Small minorities are less beneficial than the larger ones that are satisfactory
to people. The factors that encourage people to stay together as one state
interplay in the case of the South if the authorities of the next transitional
period would apply wise policies for the sake of all people.
The South overflows
with huge potentialities in agricultural resources, minerals, water, etc.
But the abundance of resources is not the only decisive factor for economic
flourishing as many other factors also come into play such as external
contacts. So, if the South would be separated from the North, it would
be a closed area with no access to seaports. The South must have to decide
whether it would want to stay with the North to have access to ports such
as Port Sudan, or that it would want to be a separate state that would
lately negotiate with the North to take advantage of Port Sudan.

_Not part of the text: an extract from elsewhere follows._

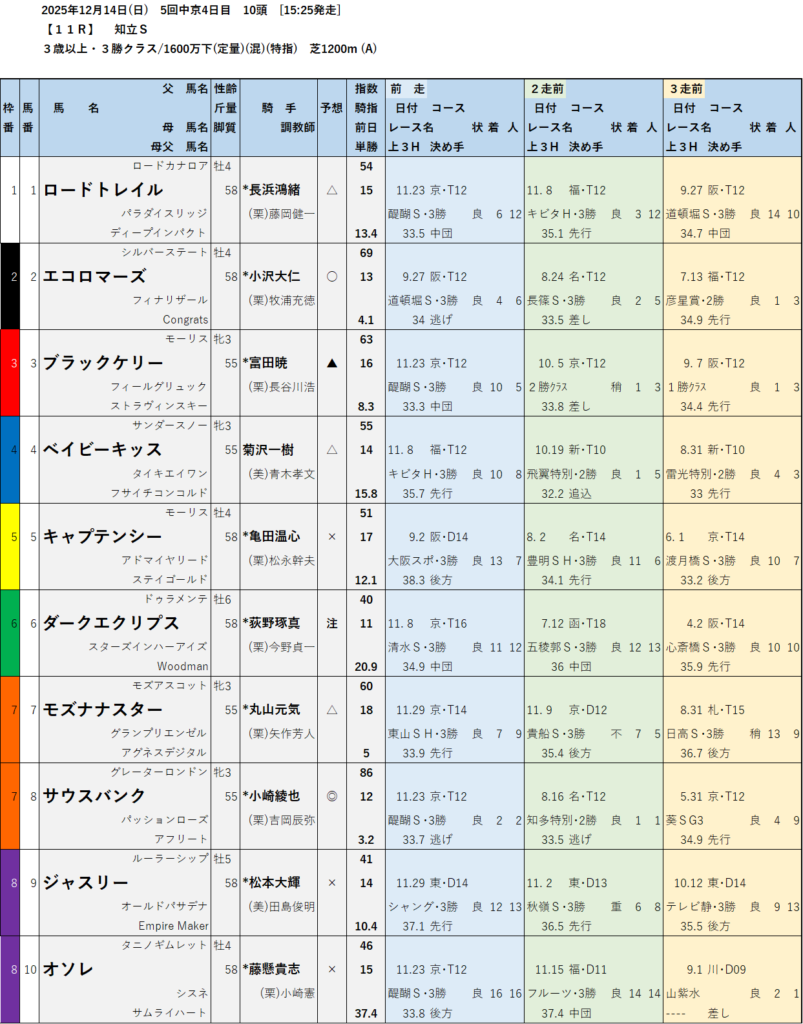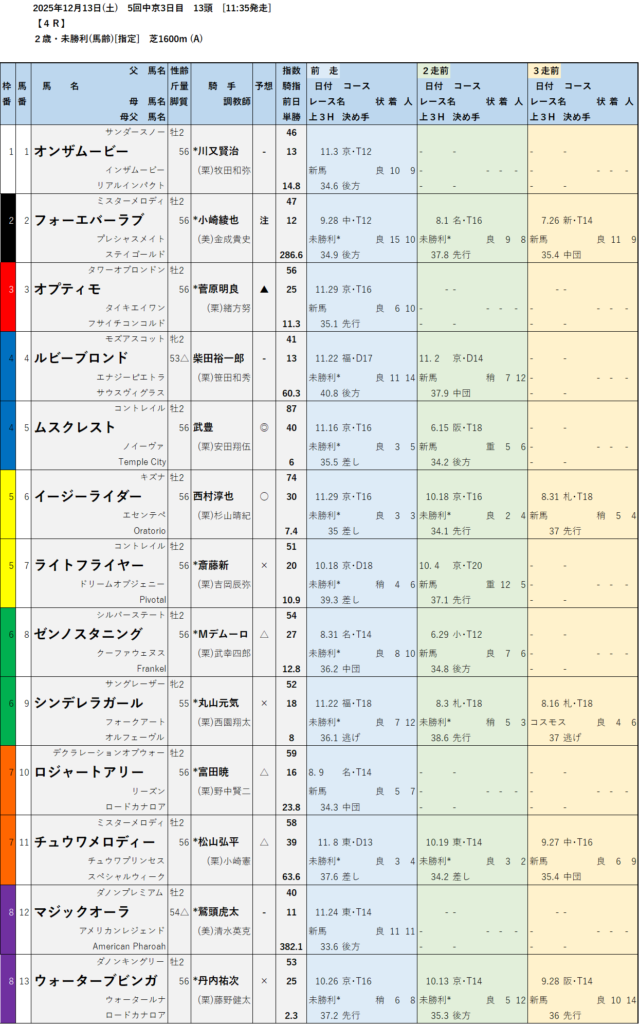 本日のテッパン馬は 4R・5R・10R・11R です。

What about South and North cultures?
Had the North been
committed to equality with the South so many problems of the day might
have been earlier solved. According to my own experience, cultures of
the North and their southern counterparts are closer to each other than
cultures of the neighboring countries. A believer in Arab descent in Sudan
knows that his brother in the South is much closer to him than any Arab
of another country, even if he has been accustomed to look down upon the
former of to fight against him. An ideal usage of these cultures and their
backgrounds during transitional period might affect positively attitudes
of people of the South.
On means of transportation
and commerce, there would continue to be a very strong contact between
North and South. I have to criticize the extremist policies of the NIF
that hindered development of such close relations. The NIF drove us so
many years backward.
In my early childhood,
Northern merchants used to visit the South with birsh (a hand-made
Sudanese carpet) that would be taken for sale in any village, as they
liked. A merchant would be cordially met and would be married to a Southerner
woman without any difficulty. That was going on since there was no component
of Islamic missionary or any other kind of activity. The sole aim of the
merchant was to manufacture his goods. Many of these people played a role
in spreading about Islam without necessarily being missionaries. Their
role was positive while some of them acted negatively, especially in the
time of Abboud regime and the subsequent regimes since they had been abetting
the army to fight citizens for personal and foolish reasons.
Regarding the usage
of Arab language in the South, no one in the South could possibly deny
the right to use Arabic language that had been widely spread over by merchants
every where. Even inside SPLM, the language is Arabic in all fields of
communication. You are in no need to use a tank to force people to adopt
a specific language as languages normally compete with each other. That
of them that actually prevails spontaneously with the evolution of society
would become mostly used in transactions between people.